Terceira parte (1Jo 4,7-5,13): “Amor e fé” – estreitamente unidos, sob um único mandamento: “O mandamento é este: que tenhamos fé no nome do Filho Jesus Cristo, e nos amemos uns aos outros, conforme ele nos mandou” (1Jo 3,23). “O Amor” (1Jo 4,7-5,4) - “Deus é Amor” (1Jo 4.8.16). O amor de Deus é concreto e amar é fazer a experiência da essência divina em nós (1Jo 4,9). O amor fraterno permite permanecer em Deus que liberta de todo temor, pois, no amor não existe medo (1Jo 4,18). “A Fé” (1Jo 5,5-13). A fé traduzida no amor ao próximo, na experiência de amar e ser amado, faz vencer o mundo com suas injustiças. O “amor e fé” são “como colunas que sustentam a comunidade cristã”. Podemos dizer que o amor está referido “as relações entre as pessoas”, enquanto que “a fé toca as relações entre as pessoas e Jesus”. Neste sentido, “amor e fé”, abraçam todo tipo de relação e todas as dimensões da vida”.
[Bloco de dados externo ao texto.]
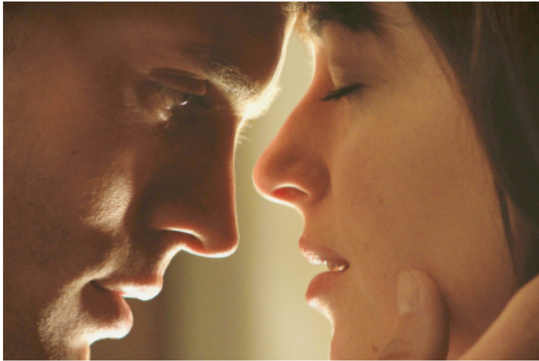
La rencontre finalement peu nuancée d'un riche et d'une étudiante vierge. UNIVERSAL

C'est Universal Pictures qui a décroché la timbale, acquérant les droits d'adaptation pour la modique somme de cinq millions de dollars. Pour donner une touche un brin «arty» à cette dé-

Conclusão (1Jo 5,14-21): “Oração e discernimento” - o autor, faz um resumo da carta, retomando alguns temas: “pecado, nascer de Deus, Maligno, verdade, vida eterna...” O tema central da conclusão é a “oração”, isto é, “entrar em sintonia com o projeto de Deus”, é viver o que rezamos no Pai nosso: “seja feita a tua vontade” (Mt 6,10a), não como resignação, mas como compromisso. A oração ajuda a superar as fragilidades, fraquezas e limites, humanos, isto é, o “pecado que não conduz à morte”, cometido até por aquele que está empenhado com o projeto de Jesus. Pois, “o pecado que conduz à morte”, isto é, “a rejeição radical da proposta de Jesus” permanece, e por isso, não há oração. A carta termina com chamado ao discernimento num contexto de idolatria: “Filhinhos. Cuidado com os ídolos...”. Os cristãos, diante das provocações da realidade necessitam distinguir o “projeto de Deus”, que gera vida, do “projeto dos ídolos”, isto é, tudo o que se apresenta como “absoluto”, que gera morte.
Nota: Este trabalho é uma síntese sobre a 1Jo, que se encontra na Coleção “Como ler a Bíblia”: BORTOLINI, J. e BAZAGLIA, P. Como ler, AS CARTAS DE JOÃO- Quem ama nasceu de Deus e conhece a Deus, Paulus, 2001. Páginas 46-774.